Scouring best-of lists from last year to find ones that have flown under the radar, singer /harpist McVittie’s contemporary folk has stood out from among a vast array of names.

Label: Company of Corkbots
Time: 10 tracks / 47 mins

She is further evidence that the wider you spread your influences, the greater your work can be. Hers range from school years hymns, through teenage obsession with Prince to post-folk electronic artists like Tunng – although she also goes back to Eric Satie and folk song field recordist Alan Lomax.

What comes out from all that is an almost ambient folk album wearing a thin scarf of subtle electronica.

The collection mixes her own compositions and a handful of traditional songs, as well as blending more reflective passages both between and inside the stronger pieces, which can stand out while ambling along on atmospheric carpets.

The title track, and “Under the Pines,” for example, have singable tunes, but – like most tracks here – are far too slow for drums.

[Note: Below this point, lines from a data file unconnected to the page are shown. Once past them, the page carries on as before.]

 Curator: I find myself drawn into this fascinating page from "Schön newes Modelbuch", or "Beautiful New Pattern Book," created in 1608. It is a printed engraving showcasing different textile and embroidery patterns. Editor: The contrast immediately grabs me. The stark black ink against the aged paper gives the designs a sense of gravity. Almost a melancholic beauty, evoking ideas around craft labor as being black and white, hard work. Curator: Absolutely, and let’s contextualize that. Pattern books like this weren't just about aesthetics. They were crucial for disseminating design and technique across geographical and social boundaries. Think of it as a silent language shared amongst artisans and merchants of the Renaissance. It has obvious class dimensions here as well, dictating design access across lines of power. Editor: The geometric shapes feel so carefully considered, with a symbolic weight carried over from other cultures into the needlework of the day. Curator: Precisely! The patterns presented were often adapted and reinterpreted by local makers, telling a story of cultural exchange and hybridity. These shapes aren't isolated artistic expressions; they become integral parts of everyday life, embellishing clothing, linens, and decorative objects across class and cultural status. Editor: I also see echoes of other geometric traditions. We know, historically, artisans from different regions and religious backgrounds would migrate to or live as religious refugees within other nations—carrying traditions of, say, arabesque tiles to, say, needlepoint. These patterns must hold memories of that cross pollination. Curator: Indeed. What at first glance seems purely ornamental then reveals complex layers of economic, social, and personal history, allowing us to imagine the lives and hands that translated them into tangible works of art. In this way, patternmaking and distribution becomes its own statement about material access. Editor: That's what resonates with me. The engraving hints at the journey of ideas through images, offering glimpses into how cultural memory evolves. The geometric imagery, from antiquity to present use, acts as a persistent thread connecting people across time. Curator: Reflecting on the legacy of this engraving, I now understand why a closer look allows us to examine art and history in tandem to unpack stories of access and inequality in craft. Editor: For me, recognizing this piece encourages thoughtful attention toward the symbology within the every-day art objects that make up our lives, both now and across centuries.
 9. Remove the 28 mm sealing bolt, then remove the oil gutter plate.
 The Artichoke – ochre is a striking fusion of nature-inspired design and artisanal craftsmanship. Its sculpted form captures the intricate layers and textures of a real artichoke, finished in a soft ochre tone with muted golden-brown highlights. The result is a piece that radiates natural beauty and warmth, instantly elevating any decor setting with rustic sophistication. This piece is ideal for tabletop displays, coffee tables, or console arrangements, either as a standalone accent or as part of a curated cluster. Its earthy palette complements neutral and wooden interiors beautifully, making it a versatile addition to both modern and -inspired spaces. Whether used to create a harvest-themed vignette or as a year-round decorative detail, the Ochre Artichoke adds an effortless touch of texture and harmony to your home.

The former brings in cascading, echoing self-harmonies for decoration, along with a trumpet swell and low-level electronica, while the latter has that leisurely trumpet offsetting her harp at its tinkliest.

Similarly, “And the Glamour Fell on Her” (a phrase meaning “out of touch with reality” or “in a dream world”) is suitably drifting and feels a little out of synch. Like “Broken like the Morning,” it would be unremarkable on many albums, but here help to build the calming, otherworldly mood.

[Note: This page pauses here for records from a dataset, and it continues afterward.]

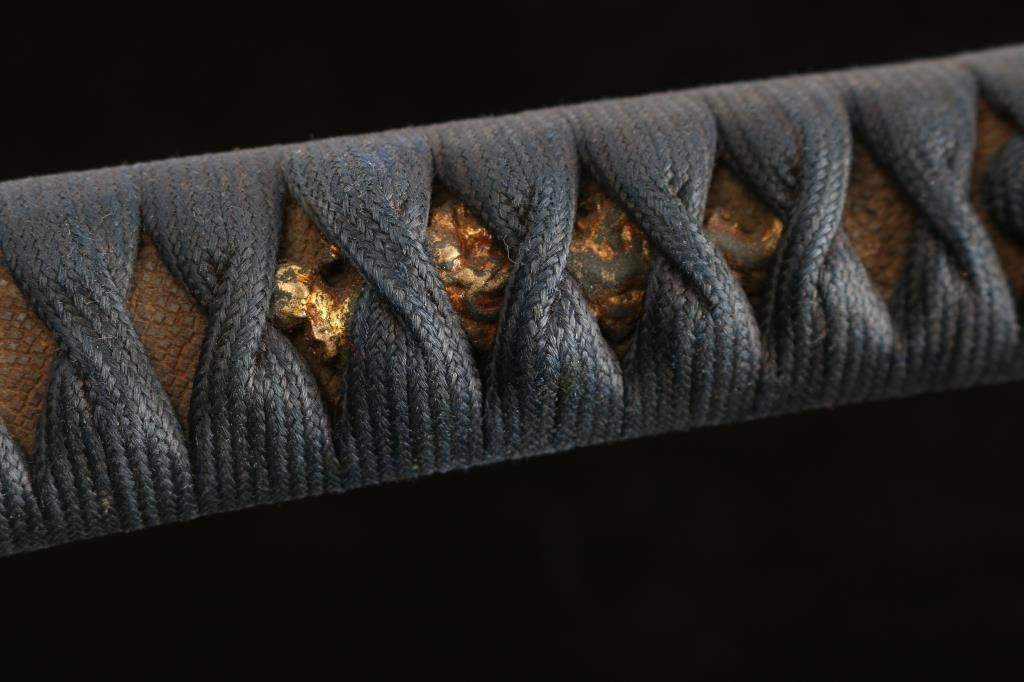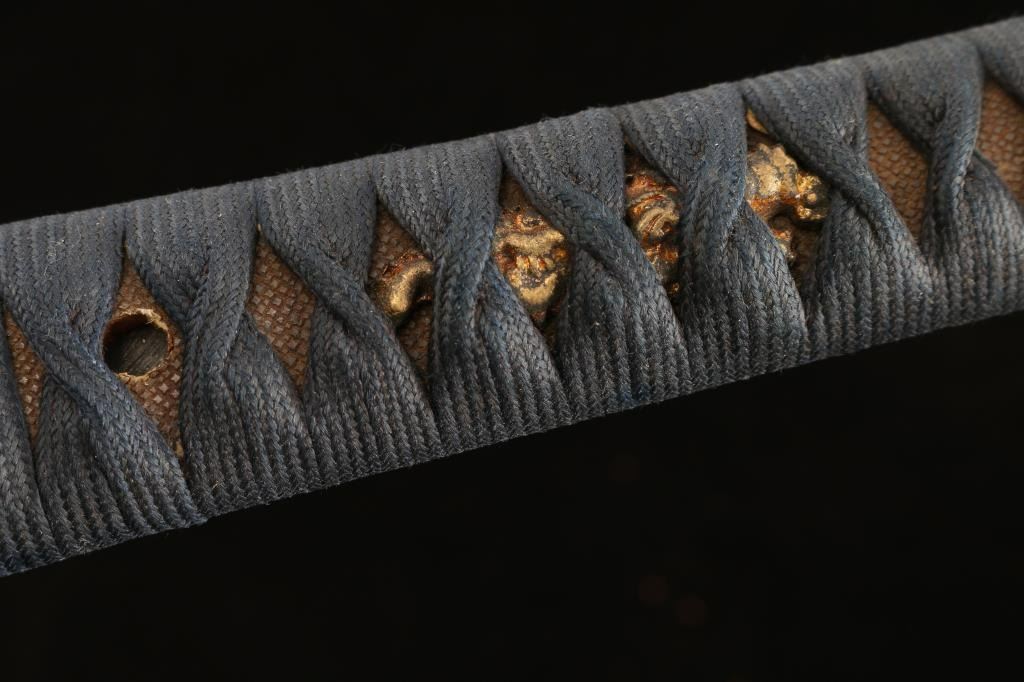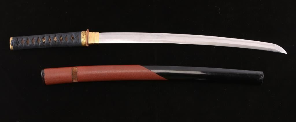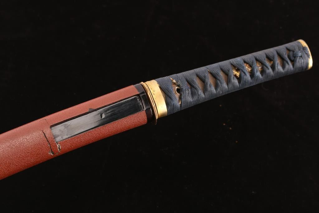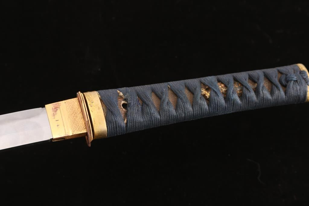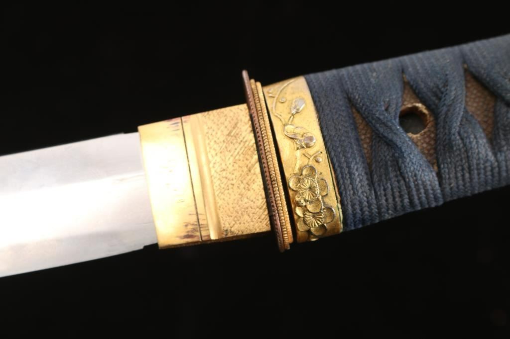 The top of the Kashima (pommel) features an depiction of a bird in flight with cherry blossoms, the Fuchi (collar) dipicts cherry blossoms. 19" blade with wavy tempered line. The blade’s Nakago (tang) has one Mekugi-Ana (peg hole). Ray skin hilt with indigo blue cloth wrapping. Samurai valued indigo-dyed blue cloth not only for its perceived protective and healing properties but also for its symbolic associations with loyalty, wisdom, tranquility, and victory the Menuki appear to be a octopus (Hard to see with the wrap). Missing the Tsuba, has three spacers. Two toned black/brown scabbard, inletted for Kozuka knife which is missing. Tang is unsigned. Overall very good condition, blade is bright with some minor scratches. Would be a really nice Wakizashi with correct Tusuba and Kozuka..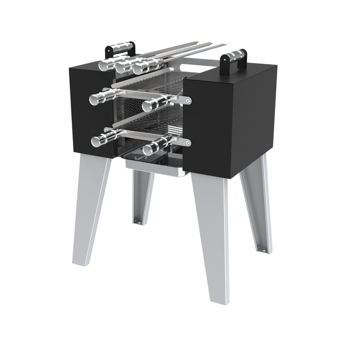 - Hastes Frontais, Painel traseiro, Grelhas e espetos fabricados em INOX ESCOVADO.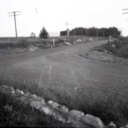 Photograph of an unidentified corner where a dirt road meets another dirt road in the country.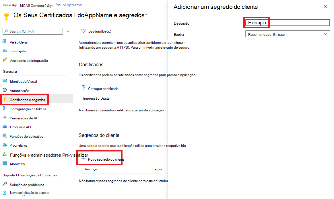 Para adicionar um segredo à aplicação, selecione Certificados & segredos, selecione Novo segredo do cliente. Adicione uma descrição ao segredo e, em seguida, selecione Adicionar.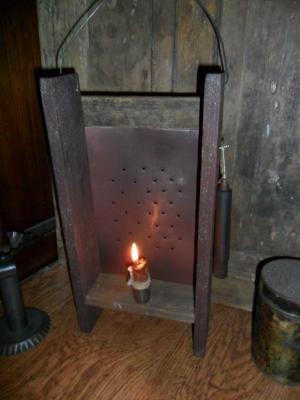 Primitive Early Look Lantern, Homestead Candle Light, Punched Tin & Wood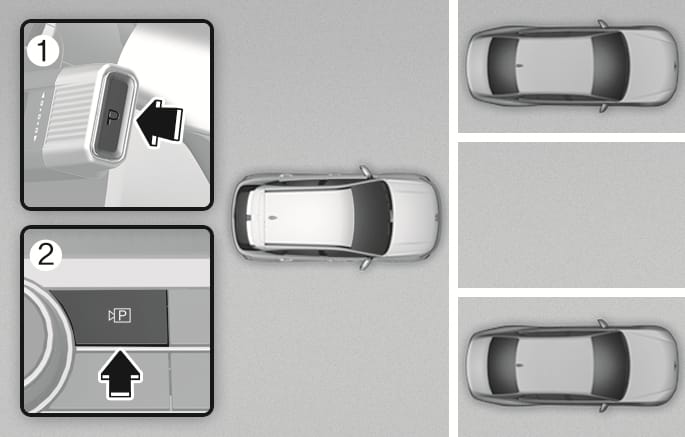 Park the vehicle in front of the space where you want to use Remote Operation function, and shift the gear to P (Park).

Opener “When the Angels Wake You” could easily fit on Abigail Washburn’s City of Refuge, with harp replacing banjo, and the jaunty tune “The Flower of Magherally” is shrouded in flutes. So there is plenty of organic sound here.   

The strength of the traditional songs really anchors things. Tunes don’t sound more traditional than “Newry Mountain,” but its highly sympathetic strings arrangement is inventive enough to make it feel contemporary.

Inventive, chilled and marinated in twinkling harp, this is surely a release that other folk artists are sitting up and noticing with a view to how their own sounds might bend in its direction.